Sunday, October 11, 2015

Additivity in yeast quantitative traits



A new paper from the Kruglyak lab at UCLA shows yet again (this time in yeast) that population variation in quantitative traits tends to be dominated by additive effects. There are deep evolutionary reasons for this to be the case -- see excerpt below (at bottom of this post). For other examples, including humans, mice, chickens, cows, plants, see links here.
Genetic interactions contribute less than additive effects to quantitative trait variation in yeast (http://dx.doi.org/10.1101/019513)

Genetic mapping studies of quantitative traits typically focus on detecting loci that contribute additively to trait variation. Genetic interactions are often proposed as a contributing factor to trait variation, but the relative contribution of interactions to trait variation is a subject of debate. Here, we use a very large cross between two yeast strains to accurately estimate the fraction of phenotypic variance due to pairwise QTLQTL interactions for 20 quantitative traits.
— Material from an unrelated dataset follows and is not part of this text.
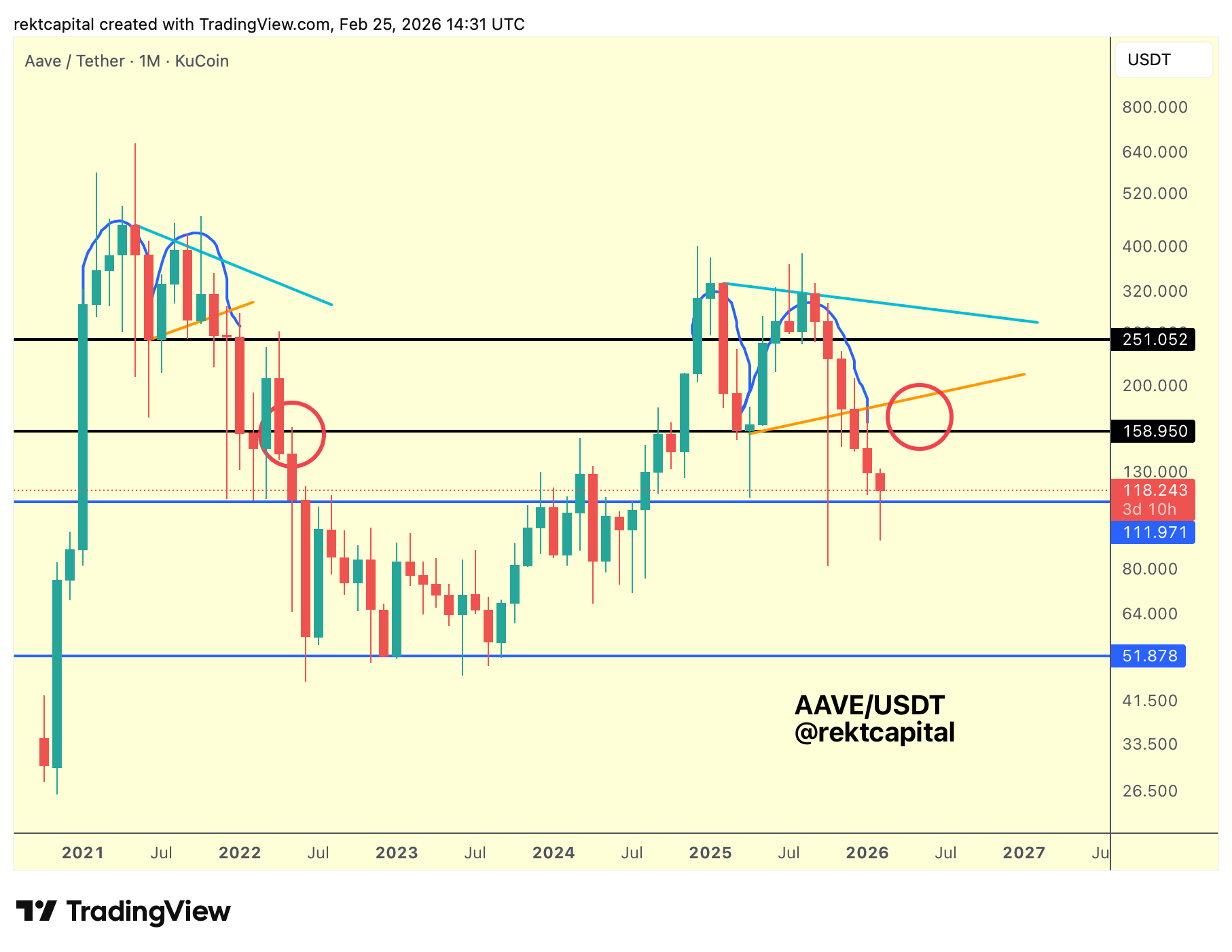 Structurally, Aave is trading within a broader $111.971–$158.950 range, and this range-bound behaviour looks increasingly probable.

We find that this fraction is 9% on average, substantially less than the contribution of additive QTL (43%). Statistically significant QTL-QTL pairs typically have small individual effect sizes, but collectively explain 40% of the pairwise interaction variance. We show that pairwise interaction variance is largely explained by pairs of loci at least one of which has a significant additive effect. These results refine our understanding of the genetic architecture of quantitative traits and help guide future mapping studies.


Genetic interactions arise when the joint effect of alleles at two or more loci on a phenotype departs from simply adding up the effects of the alleles at each locus. Many examples of such interactions are known, but the relative contribution of interactions to trait variation is a subject of debate1–5. We previously generated a panel of 1,008 recombinant offspring (“segregants”) from a cross between two strains of yeast: a widely used laboratory strain (BY) and an isolate from a vineyard (RM)6. Using this panel, we estimated the contribution of additive genetic factors to phenotypic variation (narrow-sense or additive heritability) for 46 traits and resolved nearly all of this contribution (on average 87%) to specific genome-wide-significant quantitative trait loci (QTL). ...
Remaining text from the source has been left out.